▸ **INSTRUCTIONS FOR THE TASK**
Reproduce the material below only from the line with "STRUCTURE DE LA" to the line with "అటవీ ప్రాంతంలోని వాగులో", both included, keeping each line exact and dropping the pictures.

▸ **GIVEN DATA**
- - - -
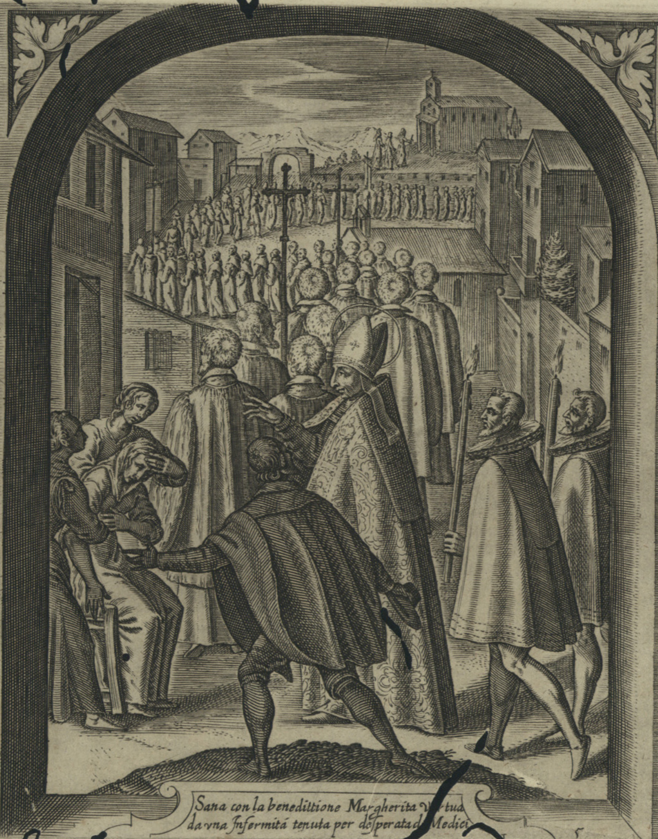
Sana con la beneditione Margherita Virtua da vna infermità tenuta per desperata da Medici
- - - -
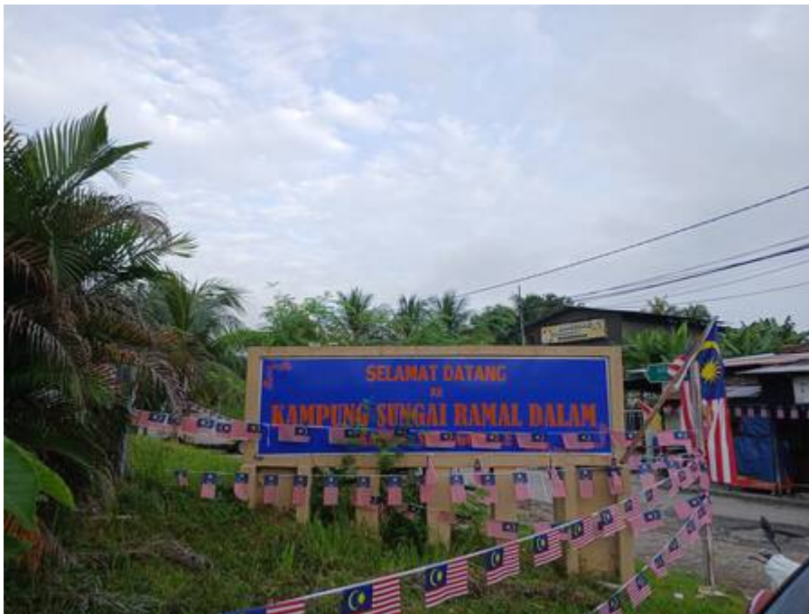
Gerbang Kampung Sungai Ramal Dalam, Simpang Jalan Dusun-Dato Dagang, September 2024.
- - - -
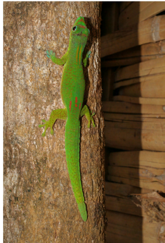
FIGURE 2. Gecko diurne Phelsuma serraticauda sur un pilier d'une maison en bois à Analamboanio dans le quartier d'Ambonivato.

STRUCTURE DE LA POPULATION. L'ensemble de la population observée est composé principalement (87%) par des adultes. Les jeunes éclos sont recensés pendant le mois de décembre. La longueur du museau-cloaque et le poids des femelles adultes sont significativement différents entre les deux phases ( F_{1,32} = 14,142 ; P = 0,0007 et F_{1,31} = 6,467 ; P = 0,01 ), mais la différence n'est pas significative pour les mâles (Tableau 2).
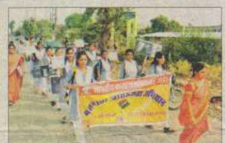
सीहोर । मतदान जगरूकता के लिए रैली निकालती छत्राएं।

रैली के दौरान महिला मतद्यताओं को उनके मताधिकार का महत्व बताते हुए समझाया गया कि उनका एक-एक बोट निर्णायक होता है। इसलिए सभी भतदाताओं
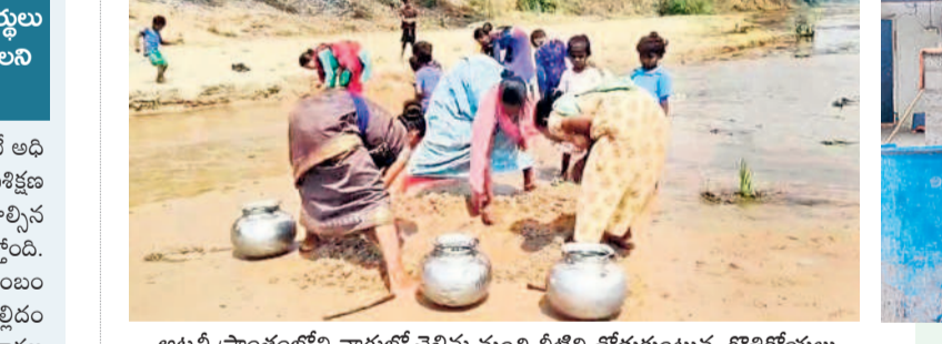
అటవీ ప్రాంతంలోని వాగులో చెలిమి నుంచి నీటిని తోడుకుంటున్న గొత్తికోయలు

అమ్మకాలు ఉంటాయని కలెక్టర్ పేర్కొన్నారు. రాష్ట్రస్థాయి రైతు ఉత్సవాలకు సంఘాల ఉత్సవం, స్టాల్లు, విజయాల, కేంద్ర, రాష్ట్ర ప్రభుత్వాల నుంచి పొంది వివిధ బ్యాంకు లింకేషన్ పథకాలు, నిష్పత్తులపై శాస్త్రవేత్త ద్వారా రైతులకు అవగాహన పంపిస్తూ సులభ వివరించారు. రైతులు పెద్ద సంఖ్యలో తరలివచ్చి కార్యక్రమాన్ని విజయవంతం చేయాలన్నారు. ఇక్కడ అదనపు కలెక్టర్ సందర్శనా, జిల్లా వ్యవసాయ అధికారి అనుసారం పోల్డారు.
- - - -
▸ **THE ANSWER**
STRUCTURE DE LA POPULATION. L'ensemble de la population observée est composé principalement (87%) par des adultes. Les jeunes éclos sont recensés pendant le mois de décembre. La longueur du museau-cloaque et le poids des femelles adultes sont significativement différents entre les deux phases ( F_{1,32} = 14,142 ; P = 0,0007 et F_{1,31} = 6,467 ; P = 0,01 ), mais la différence n'est pas significative pour les mâles (Tableau 2).
सीहोर । मतदान जगरूकता के लिए रैली निकालती छत्राएं।

रैली के दौरान महिला मतद्यताओं को उनके मताधिकार का महत्व बताते हुए समझाया गया कि उनका एक-एक बोट निर्णायक होता है। इसलिए सभी भतदाताओं
అటవీ ప్రాంతంలోని వాగులో చెలిమి నుంచి నీటిని తోడుకుంటున్న గొత్తికోయలు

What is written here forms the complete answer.